I see that some very similar questions have been answered, perhaps some more general answer contains my question.
I was asked how many combinations there would be if exactly 3 digits are used for a 4 digit pin code.
I reasoned in the following way but I am not completely sure I have thought of everything. Rather than taking the combinations in order of appearance (which I initially tried to but failed) I looked at the doublets:
Any combination will contain one number doubled since all three digits must be used. The doublets can occur for a number of combinations, like the lines of the sides in a square with number of diagonals added, i.e. in 6 ways. The 3 doublets (1,1) (2,2) and (3,3) arranged in 6 ways allows for 18 combinations.
For everyone of these the remaining two digits can be arranged I 2 ways such as for example after the doublet (1,1) must come (2,3) and (3,2). This gives me 2*18=36 combinations.
Does this look reasonable to you?
Best Answer
One way to count those pin codes:
First choose the digit to use doubly, this an be done in $10$ ways ($0$ to $9$).
Then choose the $2$ positions out of $4$ to put those in, there are $\binom{4}{2} = 6$ ways for that.

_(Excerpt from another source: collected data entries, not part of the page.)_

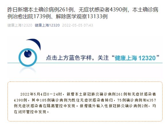 2022年5月4日0—24时,上海新增本土新冠肺炎确诊病例261例和无症状感染者4390例,其中185例确诊病例为既往无症状感染者转归,75例确诊病例和4357例无症状感染者在隔离管控中发现。新增境外输入性新冠肺炎确诊病例2例,均在闭环管控中发现。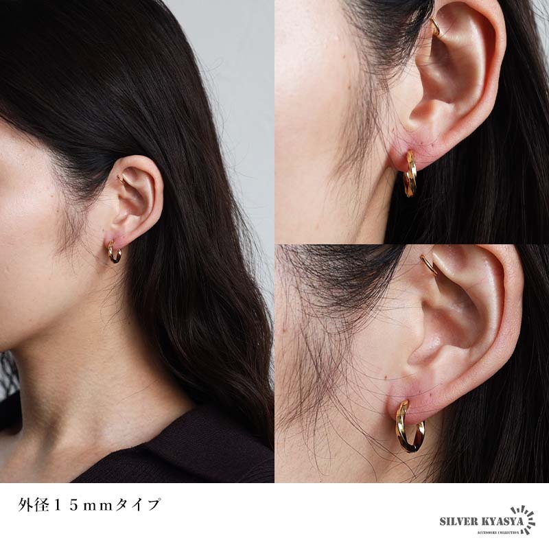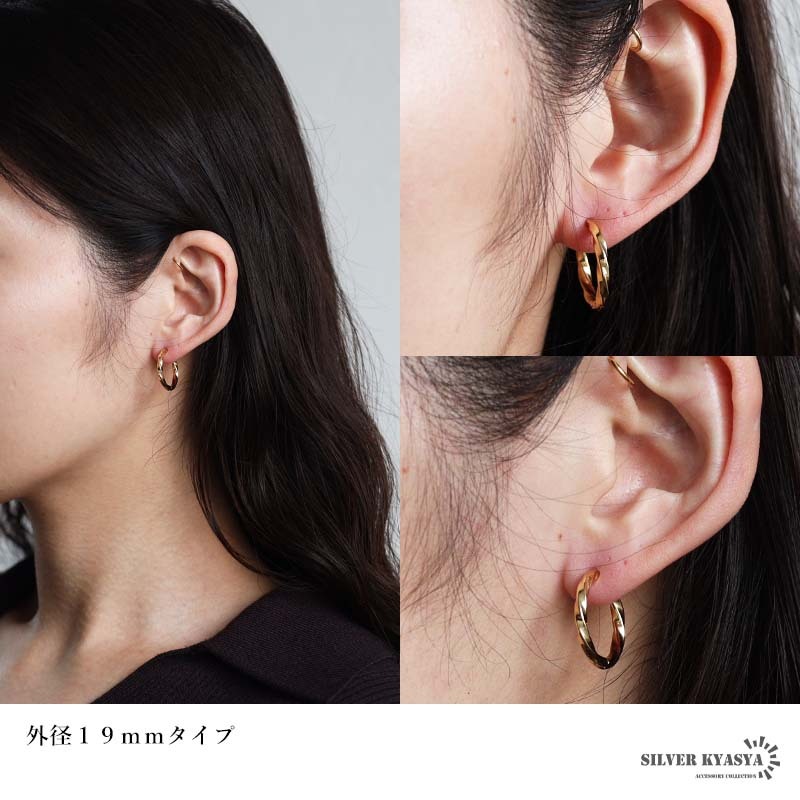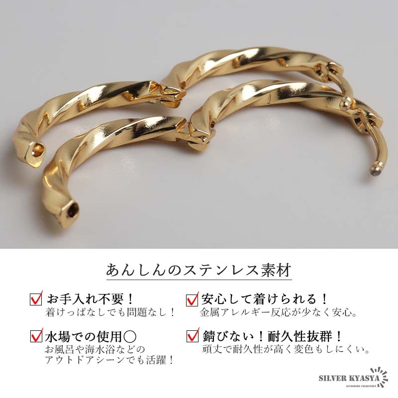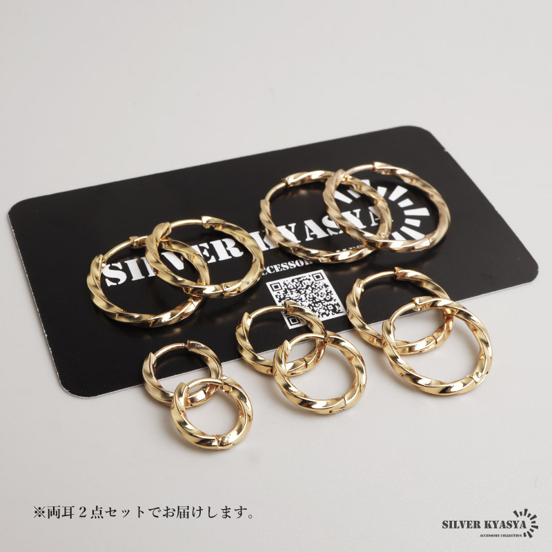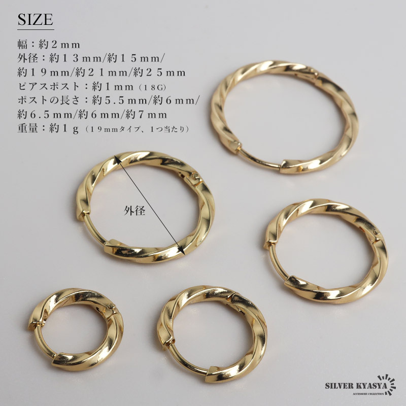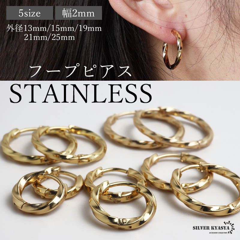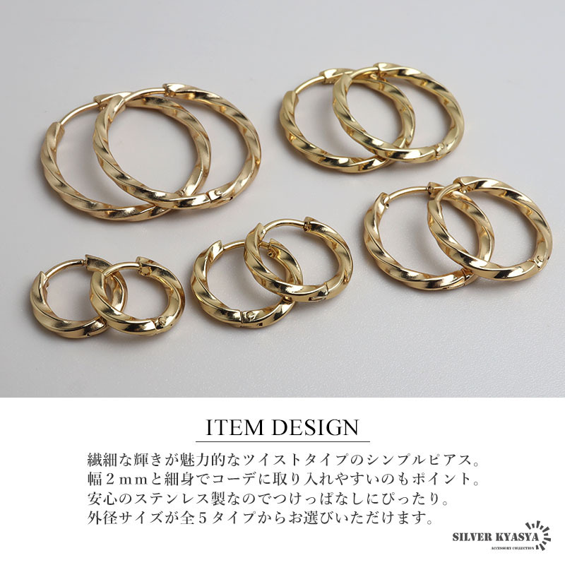 繊細な輝きが魅力的なツイストタイプのシンプルピアス。幅2mmと細身でコーデに取り入れやすいのもポイント。安心のステンレス製なのでつけっぱなしにぴったり。外径サイズが全5タイプからお選びいただけます。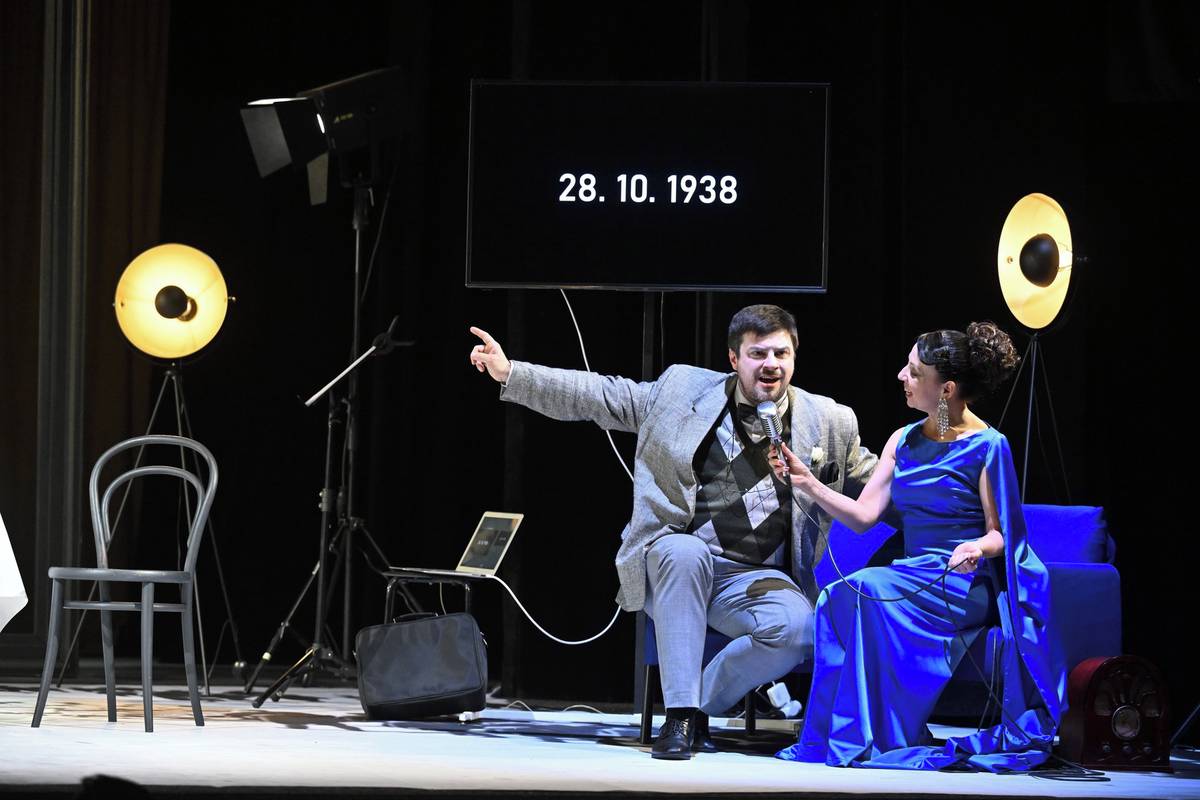 Lukáš Matěj jako Jan Ryba a Tereza Novotná v roli moderátorky.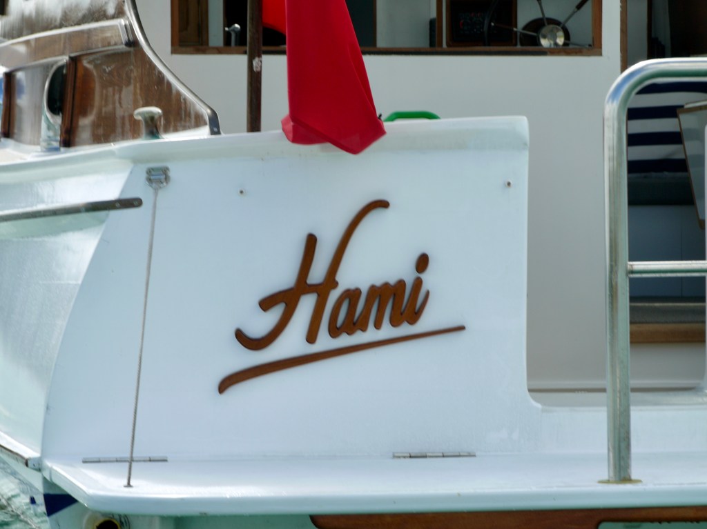 Her ‘cockle shell’ clinker dinghy is rather cute.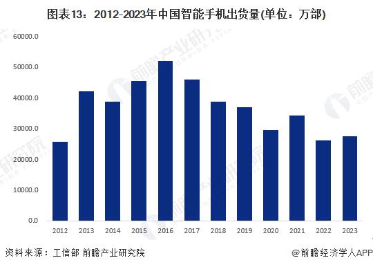 2012-2023 年中國智能手機出貨量整體呈波動下降的趨勢,2021-2022 年開始智能手機出貨量連續兩年出現下降,2023 年出貨量回升至 2.76 億部,同比增長 4.5%,但仍處于低位。

Now fill the two remaining positions left to right from the $9$ remaining digits in $9 \times 8$ ways.
So in total I get $10\times 9 \times 8 \times 6 = 4320$ pin codes with exactly three distinct digits. Confirmed by a simple Python script.
If you already know the three digits that are being used, the same way yields $\binom{4}{2} \times 3! = 36$ ways, as your answer initially was.